The Tennessee Bureau of Investigation has said preliminary information suggests Scott may have targeted people and police after being troubled by recent incidents involving African-Americans and law enforcement officers in other parts of the country. Today, when asked if there was any more indication about a possible motive, a TBI spokesperson said, “Not that we can comment on publicly.”

Francis says she first struck up a friendship with Scott in 2013 when he used to visit her at the convenience store where she worked. Francis says she’s also close with his sister. In fact, his sister gave Francis her blessing to talk to us.

She says Scott is not the man the public thinks he is. The Bristol woman says Scott, who is originally from New York, had a tough upbringing.

“I do know that he did suffer from PTSD,” she said. “When he was younger in New York he was homeless. He would go to garbage cans to get food for his family.”

Francis says Scott’s mental struggles continued when he moved to Tennessee. Francis says she’s not condoning his alleged behavior or making excuses for him. Instead, she says she just wants people to know why he may have acted the way he did last Thursday.

“I understand what he did was awful and I am so sorry to the family of the victims,” she said. “I am so sorry. With mental disorder and defect it is something that is very real. It is uncontrollable.”

A Sullivan County grand jury indicted Lakeem Keon Scott on charges of first-degree murder, attempted first-degree murder and using a gun to commit a serious crime earlier this week. The Tennessee Bureau of Investigation said Scott was armed with at least two weapons, a semi-automatic-style rifle and a pistol, when he started firing shots early Thursday morning along Volunteer Parkway.

This is a photo of Lakeem Keon Scott. In a news release Friday, TBI said 37-year-old Lakeem Keon Scott “acted alone” and was armed with at least two weapons when he randomly shot at people in Bristol, Tenn. early Thursday morning. (Source: Facebook)
This is a photo of Lakeem Keon Scott. In a news release Friday, TBI said 37-year-old Lakeem Keon Scott “acted alone” and was armed with at least two weapons when he randomly shot at people in Bristol, Tenn. early Thursday morning. (Source: Facebook)

 

Scott served in the U.S. Army and Army National Guard for almost three years in the mid to late 90s. His military records, obtained by News Channel 11 through a Freedom of Information Act request, reveal he earned his marksman badge for qualifying with an automatic rifle. According to Army records, that means he successfully hit more than half of his targets during qualifying, by no means a so-called sharpshooter or expert.
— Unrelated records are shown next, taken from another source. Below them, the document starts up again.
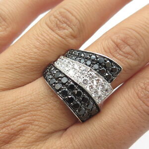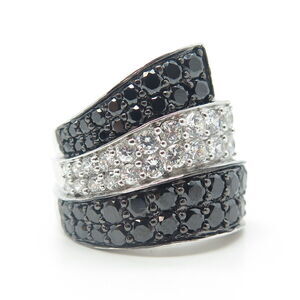 925 Sterling Silver White & Black C Z Ring Size 8.75
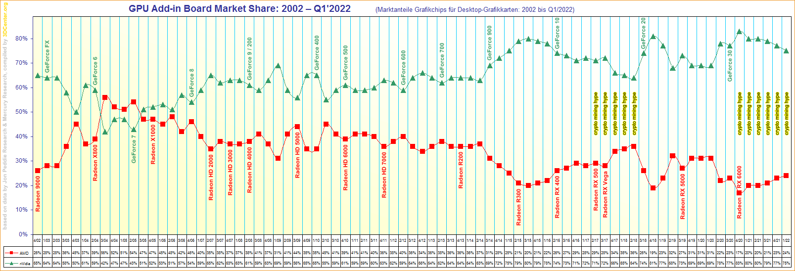 Marktanteile Grafikchips für Desktop-Grafikkarten von 2002 bis Q1/2022
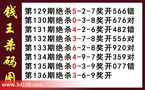 近期3d钱王杀码具体详情:
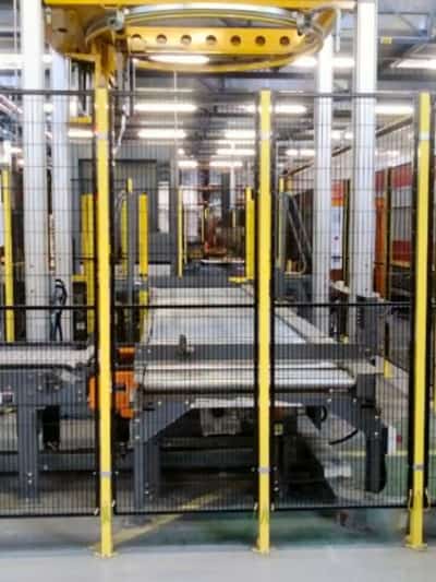 The plant included 6 palletising robots each with 3 row formers and 3 palletising positions. The robots were fed from a high speed sliding shoe sorter which in turn was fed by a 5:1 merge system running at speeds of 165 cases per minute. Product was collected from individual lines via 12 spiral elevators and fed to a high level conveyor system feeding the 5:1 merge. Pallets were fed to and received from the robot cells by a twin bed transfer car and full pallets were fed to an automatic stretch wrapper and labeller.
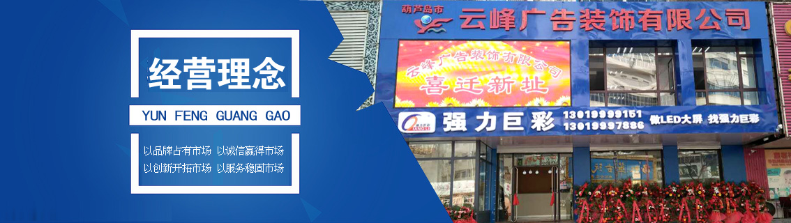 葫蘆島市云峰廣告裝飾有限公司自創(chuàng)立以來,一直致力于廣告牌的設(shè)計(jì),噴繪,制作,安裝、LED工程、亮化工程、數(shù)碼圖文、圍擋制作安裝、三面翻廣告、大型擎天柱廣告、草坪牌、指示牌、雕刻背景墻、燈箱設(shè)計(jì)、標(biāo)識(shí)標(biāo)牌、金屬制品、亞克力字、展臺(tái)展柜、取款機(jī)隔斷、取款機(jī)隔斷等一體化服務(wù),是葫蘆島市噴繪行業(yè)大規(guī)模實(shí)業(yè)公司。
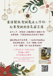 這一系列活動希望幫助同學們在愛情關係中找到舒適的平衡,透過手作活動感受更多愛的多樣性與獨特性,活動進行時有專業心理師提供指導,同學們不僅能在工作坊中親手製作專屬的聖誕裝飾與創意玻璃杯,更能藉由活動沉澱心靈,思考愛情的意涵,內容輕鬆愉快,並結合節慶氛圍,讓同學們預約聖誕的魔法,共度充滿溫馨的冬日時光。
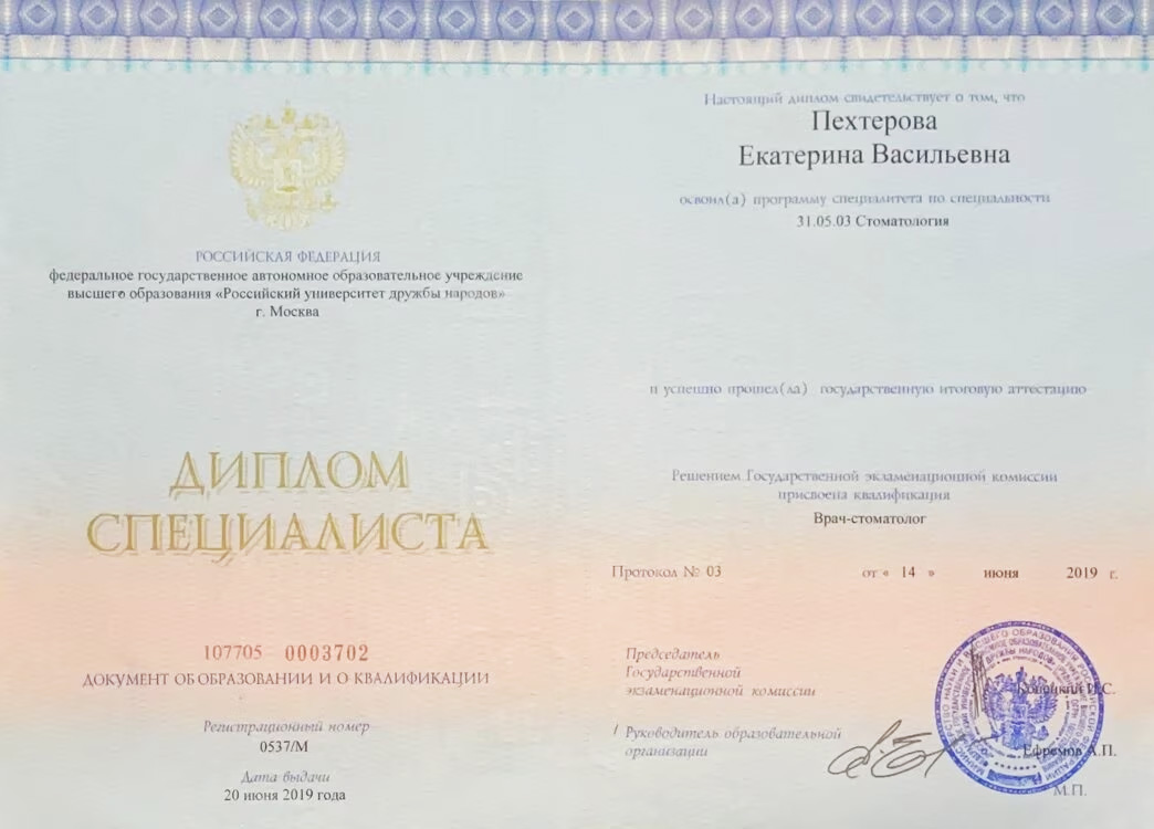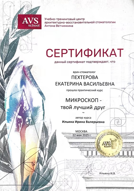 Хочу выразить благодарность за лечение доктору Пехтеровой Екатерине Васильевне и всему персоналу клиники за дружелюбное отношение, отличный сервис и заботу в каждом моменте.

Scott served active duty twice during his service, but never advanced past the rank of private, according to his file. The Army discharged Scott while he was serving in Korea in 1999, according to his file. He was stationed there for 14 months.

The Army would not release the kind of discharge, because discharge status is protected by the Privacy Act, according to a spokesperson.

In addition to his marksman badge, Scott earned ribbons for Army and overseas service.

All of Scott’s service came while he was living in New York. One thing the records do not reveal anything about is Scott’s mental state.